Coincidentally, the same week a thread appeared on my Facebook page, aimed at raising awareness about dementia. It referred to dementia as the long goodbye and talked about the patient becoming a totally different person because of the condition, forgetting who their loves ones were. It appealed to all of us to fight the battle against AD.

So what does this tragedy discourse achieve? Is it an accurate portrayal of people living with dementia? Dementia is often described as a tsunami but are we really witnessing a tsunami? Do people diagnosed always lose their identity and is the family caregiver really the hidden victim?

Starting with the supposed tsunami of dementia, a word that in itself triggers fear, in fact terror for some, lets reflect on the facts. Yes, the number of people living with dementia is clearly on the rise. Globally, about 55 million people have the condition and these figures are set to almost triple by 2050. Population growth and population aging are the main reasons behind this large rise in global dementia cases. 

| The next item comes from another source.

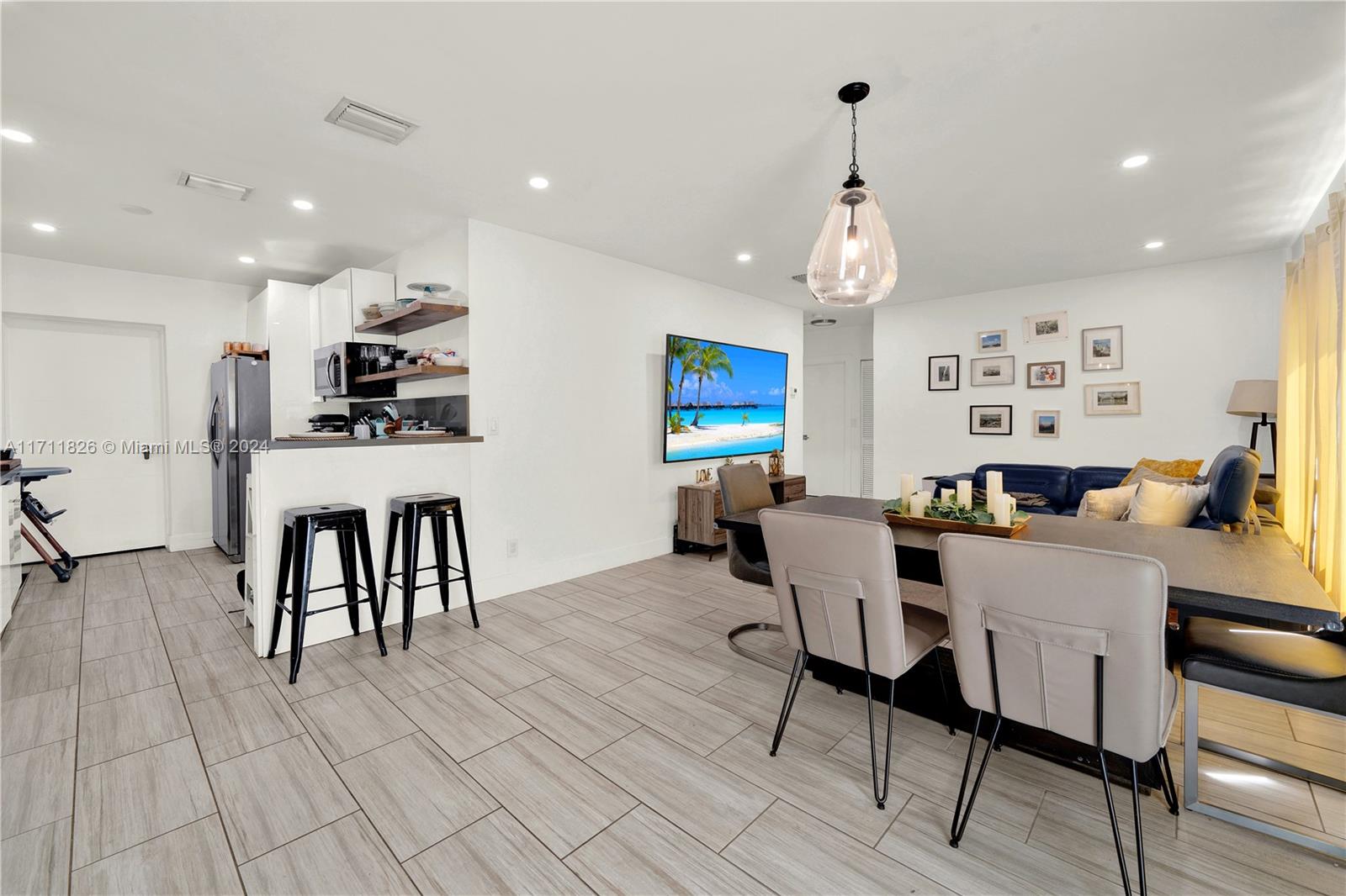 Renovated 3-bedroom, 2-bathroom residence adorned with contemporary upgrades! New impact windows, updated kitchen, bathrooms, exquisite flooring, and a freshly installed A/C unit fully fenced yard. ALL UPDATES WITH PERMITS!

But calling dementia a tsunami is alarmist; it gives the impression that the condition is unstoppable and not preventable.

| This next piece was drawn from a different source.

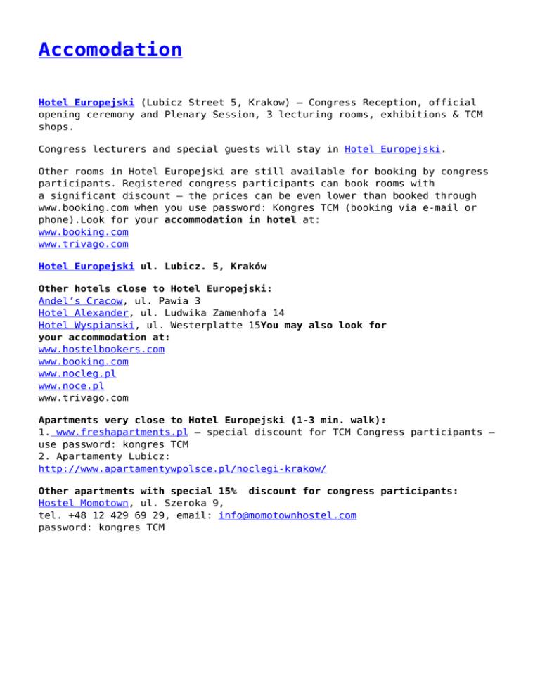 Accomodation Hotel Europejski (Lubicz Street 5, Krakow) – Congress Reception, official opening ceremony and Plenary Session, 3 lecturing rooms, exhibitions & TCM shops. Congress lecturers and special guests will stay in Hotel Europejski. Other rooms in Hotel Europejski are still available for booking by congress participants. Registered congress participants can book rooms with a significant discount – the prices can be even lower than booked through www.booking.com when you use password: Kongres TCM (booking via e-mail or phone).Look for your accommodation in hotel at: www.booking.com www.trivago.com Hotel Europejski ul. Lubicz. 5, Kraków Other hotels close to Hotel Europejski: Andel’s Cracow, ul. Pawia 3 Hotel Alexander, ul. Ludwika Zamenhofa 14 Hotel Wyspianski, ul. Westerplatte 15You may also look for your accommodation at: www.hostelbookers.com www.booking.com www.nocleg.pl www.noce.pl www.trivago.com Apartments very close to Hotel Europejski (1-3 min. walk): 1. www.freshapartments.pl – special discount for TCM Congress participants – use password: kongres TCM 2. Apartamenty Lubicz: http://www.apartamentywpolsce.pl/noclegi-krakow/ Other apartments with special 15% discount for congress participants: Hostel Momotown, ul. Szeroka 9, tel. +48 12 429 69 29, email: [email protected] password: kongres TCM

It overlooks the fact that there is a growing body of evidence from North America and Europe that now suggests a decrease in dementia incidence rates (new cases of dementia in population over a particular time). 

This is potentially due to increases in educational attainment and improvements in the management of cardiovascular disease and its risk factors. Indeed we now know that about 40% of dementias are preventable through risk factor modification.

Dignity

Next is the assumption that the person diagnosed loses their ‘identity’; that they are ‘gone’ ‘lost’, or ‘socially dead’ ravaged by a fatal disease – the ‘mind robber’. The language here suggests that dementia is a ‘living death’ and that it creates a total loss of self and identity.

Words are powerful: it is not just the words we choose but what we think about people when we use these words that matters. These are negative words that do nothing to promote the dignity and humanity of the person. 

Nor do they accurately portray all people living with dementia. There is a huge spectrum of dementia and diversity across people who have, as an example, Alzheimer’s disease or Vascular Dementia.

Sadly, the judgment that a person because of dementia is as good as dead may and often does become a self-fulfilling prophecy. The danger is that it may make it acceptable to treat those with severe dementia, as people unable to experience humiliation; or that all that is needed is that they are managed and measured. 

Although dementia may lead to a reduction in some aspects of the person’s memory and cognitive functioning, it does not take away their dignity and personhood — the essence of who they are. It is the treatment they receive from others that can remove such profoundly important aspects of humanity.

Caregivers

Most family caregivers are also familiar with the question often asked, ‘does your mother/father still recognize you’. It is generally posed by well-meaning friends and relatives to identify the stage of dementia. There is an assumption that dementia follows a linear downhill trajectory and that the inability to remember someone by name, means that the person can no longer recognize a loved one.

People living with dementia have good days and bad. And although on any one day, the person may not recognize someone close to them in the narrow cognitive sense, they may still realise, through scent, hand-shake, tone of voice or some other behavioural characteristic, that this is a person very dear to them.

Research has shown that people with advanced dementia can track conversations that have an emotional component even though they are not able to verbally participate.

Then there are metaphors that portray family caregivers as hidden victims, that they are in a state of constant bereavement; also the idea that dementia imposes a burden on the family carer. Of course it would be misleading to minimise the strain and stress many carers experience, but ask any family caregiver who has relinquished home care would they do it all over again, most would say yes.

And for some people, especially spouses, caregiving can be rewarding; it can provide an opportunity to return kindness, love and compassion. It is therefore important to use language that covers the breadth of the caregiving experience and to undertake research that not only investigates burden but also other correlates of caregiving, including carer satisfaction.

Language matters

The tragedy discourse has in the past been the dominant narrative. It has probably been used to generate forceful messages, raise awareness and attract research funding. But as we learn more about dementia, we learn that the person with the condition has more in common with all of us than they have not. Once alive their identity can never be eroded, unless those of us who are cognitively intact choose to do so by our words and actions.

So the ASI is correct, language matters and is very powerful. We need to avoid negative words like victim, sufferer, tsunami and so on. We need to choose person-centred language that better aligns with scientific facts and human rights. 

We need to re-shape our thinking about dementia to enable us to connect with rather than distance ourselves from those dear to us who have the condition. For in choosing provocative metaphors, we may be allaying our own fears and anxieties about dementia but we are doing nothing to promote the dignity, personhood and well-being of the individual.

• Suzanne Cahill is an Adjunct Professor of Social Work and Social Policy at Trinity College and holds an honorary Professorship in dementia care from NUI Galway.